The Steam Oil Production Company Ltd becomes Pharis Energy Ltd

When we founded The Steam Oil Production Company Ltd in 2014, we adopted the Ronseal approach to naming our company. We planned to steam flood the Pilot field, which we were about to apply for in the 28th Seaward Licensing Round, and we named the company after our planned development approach. 

We still plan to steam flood Pilot, and indeed the Blakeney field as well, but we have also acquired fields which suit a different approach so a different name seems appropriate. The name we have chosen is Pharis Energy.

Pharis is variously, an obscure character in Greek mythology (the son of Hermes and the Danaid Phylodameia); a French racehorse who was "considered one of the greatest French-bred runners of the century," according to Thoroughbred Heritage; and a townland (that's a district in the Irish countryside for those unfamiliar with the term) right next to where the company's founder was born and brought up.

Pharis Hill, Looking north-west,  cc-by-sa/2.0  - ©  Kenneth Allen  -

Pharis Hill, Looking north-west, cc-by-sa/2.0 - © Kenneth Allen -

So, like Equinor, we have managed an equine connection, but in truth it is the reminder of the North Antrim countryside which prompted our selection.

Pharis Energy is still just as keen on the potential of steam flood, but we can justifiably add a few more methods to our collection of oilfield recovery techniques without contradicting our name.

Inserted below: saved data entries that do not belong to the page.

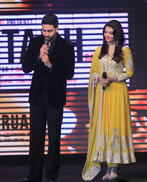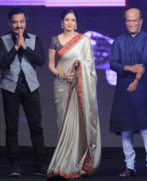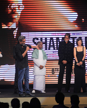 Amitabh Bachchan, Kamal Haasan, Sarika, Gulzar, Aishwarya Rai, Abhishek Bachchan, Sridevi, Dhanush, Akshara at “Shamitabh” music launch
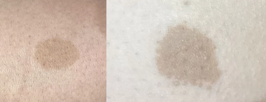 扁平母斑は基本的には診断が簡単ですが、小さいお子さんでは生まれつきのホクロ(先天性色素性母斑)と見極めることが難しいことがあります。扁平母斑では均一な色をしていますが、ホクロでは色の濃淡があるのが特徴です。成長に従って診断できることや、ダーマスコピーを用いて診断していきます。
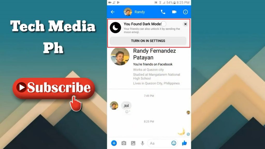 ▼不过必须注意,你必须Update你的Facebook Messenger才能启动“Dark Mode”功能。

Notes for Editors: About Pharis Energy

Pharis Energy was founded in 2014 as The Steam Oil Production Company Ltd and has a 100% interest in two North Sea licences, P2244 and P2320, which together contain over 400 MMbbls of discovered oil in place in the Pilot, Blakeney, Harbour, Feugh, Dandy and Crinan fields; these fields lie in blocks 21/27 and 21/28, 140 kms due East of Aberdeen.

Pharis is working on plans to implement the world’s first offshore steam flood project of scale on the Pilot field. Pilot, which is the largest oilfield in Pharis's portfolio was discovered by Fina in 1989 and has been appraised with seven reservoir penetrations including a horizontal well test which produced over 1,800 bbls/day from a short horizontal well. Pharis estimate that a conventional waterflood would recover about 50 MMbbls of oil, whilst a successful steam flood would recover over 120 MMbbls of oil.

Pharis estimate that application of steam flooding to all the discovered, but undeveloped, heavy oilfields in shallow sandstone reservoirs across the UKCS could boost North Sea recoverable oil reserves by over 4 billion bbls of reserves.